▸ **REQUIRED WORK**: From top to bottom, return the listing exactly as it appears, omitting its images.

──────────

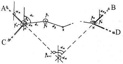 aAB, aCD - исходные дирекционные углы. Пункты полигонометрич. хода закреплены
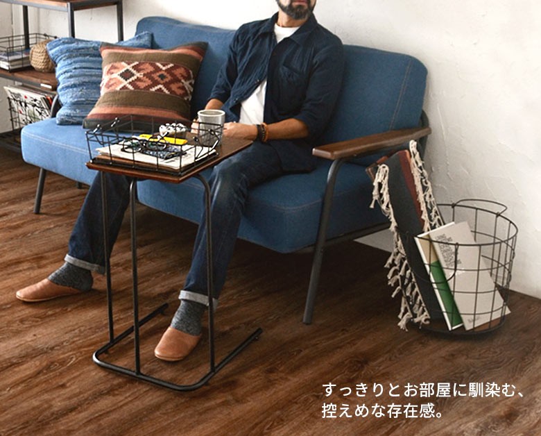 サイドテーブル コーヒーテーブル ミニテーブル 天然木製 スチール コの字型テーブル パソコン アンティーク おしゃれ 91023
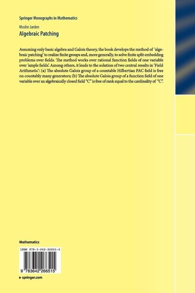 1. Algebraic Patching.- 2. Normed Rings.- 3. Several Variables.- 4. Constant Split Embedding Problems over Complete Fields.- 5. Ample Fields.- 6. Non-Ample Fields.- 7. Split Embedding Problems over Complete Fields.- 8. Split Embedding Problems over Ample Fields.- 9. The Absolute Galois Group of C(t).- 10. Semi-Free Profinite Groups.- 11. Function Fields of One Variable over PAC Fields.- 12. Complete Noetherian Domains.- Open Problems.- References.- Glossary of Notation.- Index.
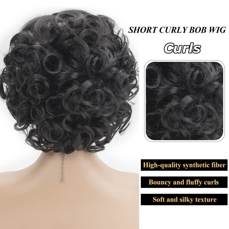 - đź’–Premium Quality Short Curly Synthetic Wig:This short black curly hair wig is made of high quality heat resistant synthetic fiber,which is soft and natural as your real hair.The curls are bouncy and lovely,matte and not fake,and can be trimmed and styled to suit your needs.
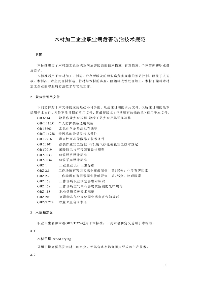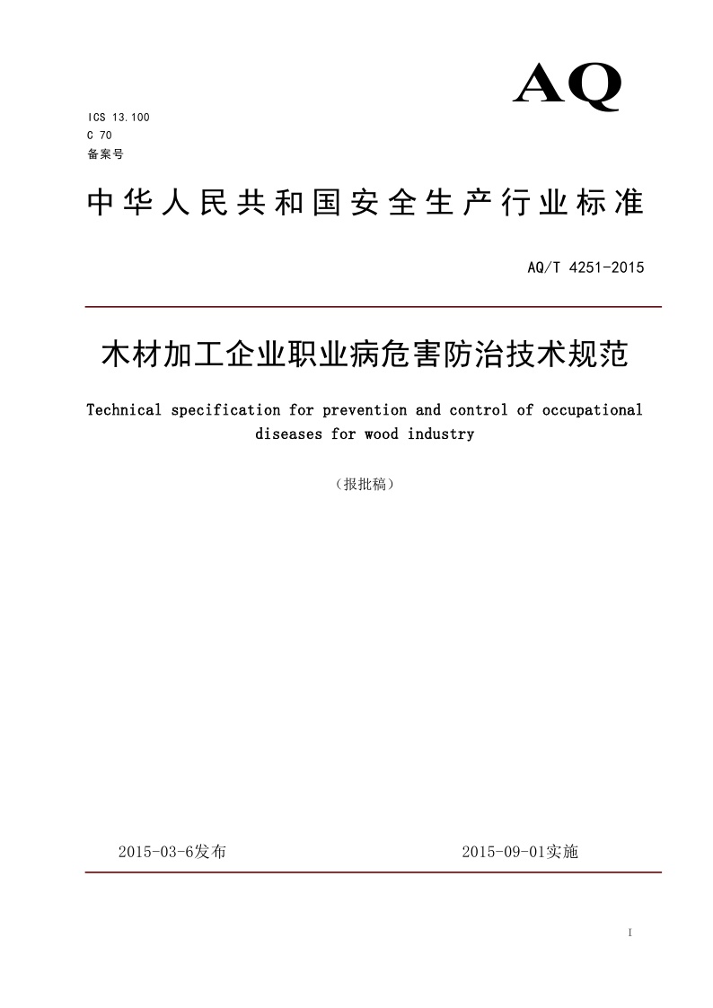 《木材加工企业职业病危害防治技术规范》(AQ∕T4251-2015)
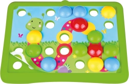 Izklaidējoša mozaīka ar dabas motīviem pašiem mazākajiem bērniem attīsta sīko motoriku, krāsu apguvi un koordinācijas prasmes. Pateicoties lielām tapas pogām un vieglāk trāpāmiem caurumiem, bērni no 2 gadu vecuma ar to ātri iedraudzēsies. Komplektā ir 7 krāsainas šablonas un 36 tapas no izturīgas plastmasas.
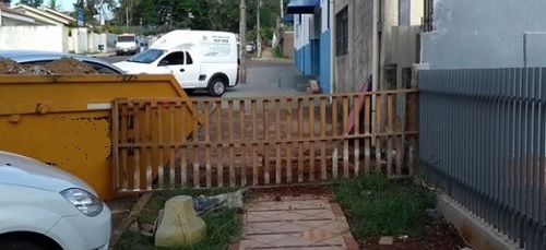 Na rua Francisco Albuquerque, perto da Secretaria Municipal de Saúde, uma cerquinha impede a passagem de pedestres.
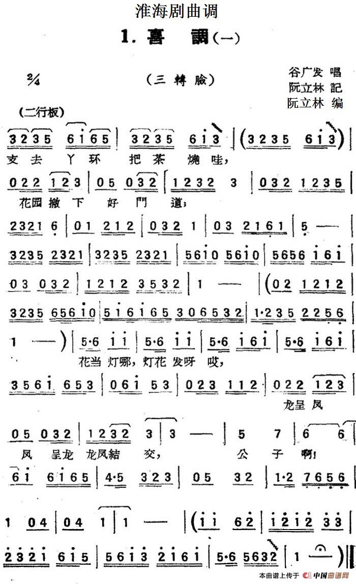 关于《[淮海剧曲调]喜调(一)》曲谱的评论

──────────

▸ **WRITTEN ANSWER**:
 aAB, aCD - исходные дирекционные углы. Пункты полигонометрич. хода закреплены
 サイドテーブル コーヒーテーブル ミニテーブル 天然木製 スチール コの字型テーブル パソコン アンティーク おしゃれ 91023
 1. Algebraic Patching.- 2. Normed Rings.- 3. Several Variables.- 4. Constant Split Embedding Problems over Complete Fields.- 5. Ample Fields.- 6. Non-Ample Fields.- 7. Split Embedding Problems over Complete Fields.- 8. Split Embedding Problems over Ample Fields.- 9. The Absolute Galois Group of C(t).- 10. Semi-Free Profinite Groups.- 11. Function Fields of One Variable over PAC Fields.- 12. Complete Noetherian Domains.- Open Problems.- References.- Glossary of Notation.- Index.
 - đź’–Premium Quality Short Curly Synthetic Wig:This short black curly hair wig is made of high quality heat resistant synthetic fiber,which is soft and natural as your real hair.The curls are bouncy and lovely,matte and not fake,and can be trimmed and styled to suit your needs.
 《木材加工企业职业病危害防治技术规范》(AQ∕T4251-2015)
 Izklaidējoša mozaīka ar dabas motīviem pašiem mazākajiem bērniem attīsta sīko motoriku, krāsu apguvi un koordinācijas prasmes. Pateicoties lielām tapas pogām un vieglāk trāpāmiem caurumiem, bērni no 2 gadu vecuma ar to ātri iedraudzēsies. Komplektā ir 7 krāsainas šablonas un 36 tapas no izturīgas plastmasas.
 Na rua Francisco Albuquerque, perto da Secretaria Municipal de Saúde, uma cerquinha impede a passagem de pedestres.
 关于《[淮海剧曲调]喜调(一)》曲谱的评论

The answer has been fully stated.